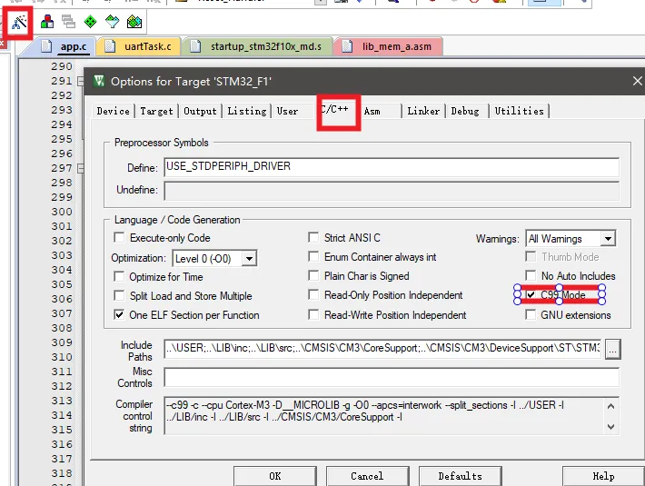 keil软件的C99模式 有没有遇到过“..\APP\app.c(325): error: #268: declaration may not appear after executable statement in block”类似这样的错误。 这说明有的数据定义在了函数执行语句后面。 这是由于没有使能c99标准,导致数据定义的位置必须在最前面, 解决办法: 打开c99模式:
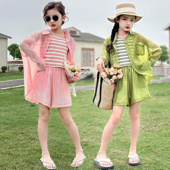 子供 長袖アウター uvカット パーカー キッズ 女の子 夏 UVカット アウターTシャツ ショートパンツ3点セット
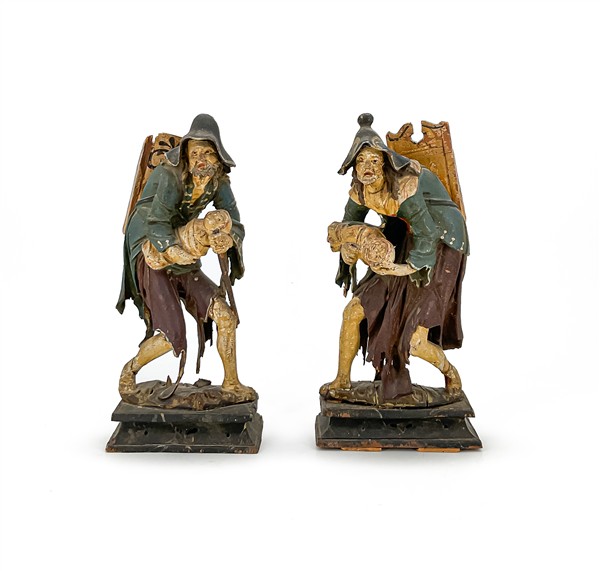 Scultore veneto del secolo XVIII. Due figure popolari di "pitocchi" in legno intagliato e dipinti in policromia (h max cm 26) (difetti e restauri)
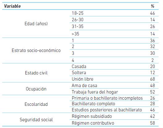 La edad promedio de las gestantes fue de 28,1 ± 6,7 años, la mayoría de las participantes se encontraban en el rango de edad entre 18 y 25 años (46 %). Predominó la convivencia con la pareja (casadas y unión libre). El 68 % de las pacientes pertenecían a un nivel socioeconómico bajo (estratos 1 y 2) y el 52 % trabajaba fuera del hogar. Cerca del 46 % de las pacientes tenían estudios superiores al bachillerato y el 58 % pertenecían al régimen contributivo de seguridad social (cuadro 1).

◆ TASK GOAL ◆
Please return only the lines from the top of the data through the line with "Scultore veneto del", exactly as written, and drop every picture.

◆ RESULT OF THE EXERCISE ◆
 keil软件的C99模式 有没有遇到过“..\APP\app.c(325): error: #268: declaration may not appear after executable statement in block”类似这样的错误。 这说明有的数据定义在了函数执行语句后面。 这是由于没有使能c99标准,导致数据定义的位置必须在最前面, 解决办法: 打开c99模式:
 子供 長袖アウター uvカット パーカー キッズ 女の子 夏 UVカット アウターTシャツ ショートパンツ3点セット
 Scultore veneto del secolo XVIII. Due figure popolari di "pitocchi" in legno intagliato e dipinti in policromia (h max cm 26) (difetti e restauri)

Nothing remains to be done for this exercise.